Is that cos her shoes are cheaper.. I get into a £5 and mine are juniors lol love it.. Saves me nearly £20 when buying trainers! hehe


----------



## Laura2919

Cruising shoes have a softer sole but also usually have a rubber bit on the front so when they crawl they dont scuff them up! 

Clarks are expensive but well worth the money. Chloe and Jaycee have had their clarks for a while now and they are still pretty good condition! 

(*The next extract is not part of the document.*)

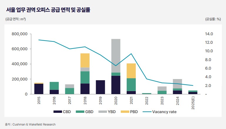 이는 최근 2년간 제한적으로 이뤄진 신규 공급의 영향이라는 설명이다. 2023년부터 2024년까지 권역별로 앵커원(여의도), TP타워(여의도), 메리츠화재 신사옥(중앙), 스케일타워(강남) 등이 신규 공급됐으나 수요를 충족하기에는 부족했던 것으로 분석된다.
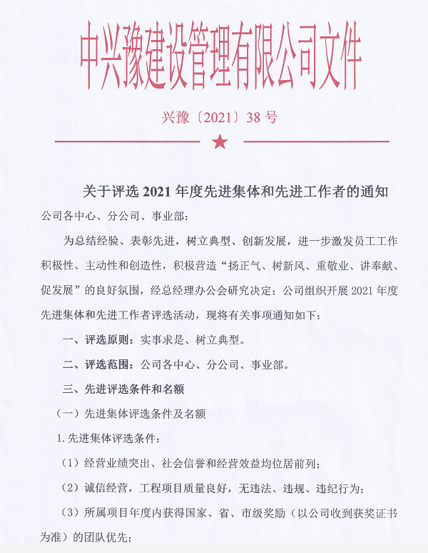 關于評選2021年度先進集體和先進工作者的通知

They wear them to nursery every day! Soon they are to be measured again but I know they still have plenty of room!


----------



## December.Baby

We have the same problem! Polly is a 3G (little chubba feet) and taking steps but we cant find and walking shoes! The clarks lady said we should get cruisers til she is outside walking tho


----------



## Blah11

Clarks do walking shoes from a size 3 hun :shrug:


----------



## Frankie

Next do good sizes Liam is exactly the same tiny feet


----------



## Feltzy

I have a friend who has a petite baby, she's 15 months and only just gone into 6-9 month clothing. She is having exactly the same problem as she is walking but they are struggling to get walking shoes that fit. Evie's first size was 3F and she has mega broad feet so she was ok. Could you get some that have velcro across the top so that you can adjust the width? Sorry if thats already been mentioned I haven't had time to read all the replies...


----------



## Kimboowee

I didn't even know there was such a thing as crusing shoes! I think I bought Josh cruising shoes by the sounds of it even though he walks quite a bit.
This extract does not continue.